WHAT TO PRODUCE —
From the line containing "Conjunto de sellos" to the last line of the records, please reproduce every line exactly and nothing more.

--- DATA Enclosed Below ---

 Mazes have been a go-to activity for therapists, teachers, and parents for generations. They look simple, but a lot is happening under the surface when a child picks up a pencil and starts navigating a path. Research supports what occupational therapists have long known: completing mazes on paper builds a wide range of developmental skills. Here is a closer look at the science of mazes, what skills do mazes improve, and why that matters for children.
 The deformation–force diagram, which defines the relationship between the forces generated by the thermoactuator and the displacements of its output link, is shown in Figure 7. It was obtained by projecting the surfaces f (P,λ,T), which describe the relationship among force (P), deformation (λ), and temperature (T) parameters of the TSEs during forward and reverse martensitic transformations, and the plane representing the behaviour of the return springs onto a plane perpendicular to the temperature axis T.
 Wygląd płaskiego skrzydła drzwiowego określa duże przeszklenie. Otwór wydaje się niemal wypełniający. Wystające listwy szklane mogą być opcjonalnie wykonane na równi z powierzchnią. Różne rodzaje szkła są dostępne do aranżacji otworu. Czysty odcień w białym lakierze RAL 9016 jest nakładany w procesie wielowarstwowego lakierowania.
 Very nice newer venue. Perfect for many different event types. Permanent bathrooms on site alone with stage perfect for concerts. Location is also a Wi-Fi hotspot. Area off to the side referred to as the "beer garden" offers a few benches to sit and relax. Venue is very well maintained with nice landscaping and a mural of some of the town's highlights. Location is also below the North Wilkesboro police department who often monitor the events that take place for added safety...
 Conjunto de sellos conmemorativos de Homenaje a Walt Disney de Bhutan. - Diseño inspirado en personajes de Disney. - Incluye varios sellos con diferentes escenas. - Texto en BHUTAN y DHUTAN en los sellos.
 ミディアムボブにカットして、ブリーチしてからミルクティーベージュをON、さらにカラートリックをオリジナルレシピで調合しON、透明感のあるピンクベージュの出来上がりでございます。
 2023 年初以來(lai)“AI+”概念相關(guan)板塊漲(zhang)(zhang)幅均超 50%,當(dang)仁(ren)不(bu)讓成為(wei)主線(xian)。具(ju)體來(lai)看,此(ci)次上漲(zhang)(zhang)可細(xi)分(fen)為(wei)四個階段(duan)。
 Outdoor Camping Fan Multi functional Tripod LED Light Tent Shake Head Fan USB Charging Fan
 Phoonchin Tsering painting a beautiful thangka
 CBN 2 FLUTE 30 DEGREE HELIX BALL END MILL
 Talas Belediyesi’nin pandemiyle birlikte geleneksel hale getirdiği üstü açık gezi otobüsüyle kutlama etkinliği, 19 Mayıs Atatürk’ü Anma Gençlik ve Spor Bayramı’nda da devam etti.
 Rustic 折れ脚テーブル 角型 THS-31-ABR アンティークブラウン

--- End of Enclosed DATA ---

REPLY TO THE EXERCISE —
 Conjunto de sellos conmemorativos de Homenaje a Walt Disney de Bhutan. - Diseño inspirado en personajes de Disney. - Incluye varios sellos con diferentes escenas. - Texto en BHUTAN y DHUTAN en los sellos.
 ミディアムボブにカットして、ブリーチしてからミルクティーベージュをON、さらにカラートリックをオリジナルレシピで調合しON、透明感のあるピンクベージュの出来上がりでございます。
 2023 年初以來(lai)“AI+”概念相關(guan)板塊漲(zhang)(zhang)幅均超 50%,當(dang)仁(ren)不(bu)讓成為(wei)主線(xian)。具(ju)體來(lai)看,此(ci)次上漲(zhang)(zhang)可細(xi)分(fen)為(wei)四個階段(duan)。
 Outdoor Camping Fan Multi functional Tripod LED Light Tent Shake Head Fan USB Charging Fan
 Phoonchin Tsering painting a beautiful thangka
 CBN 2 FLUTE 30 DEGREE HELIX BALL END MILL
 Talas Belediyesi’nin pandemiyle birlikte geleneksel hale getirdiği üstü açık gezi otobüsüyle kutlama etkinliği, 19 Mayıs Atatürk’ü Anma Gençlik ve Spor Bayramı’nda da devam etti.
 Rustic 折れ脚テーブル 角型 THS-31-ABR アンティークブラウン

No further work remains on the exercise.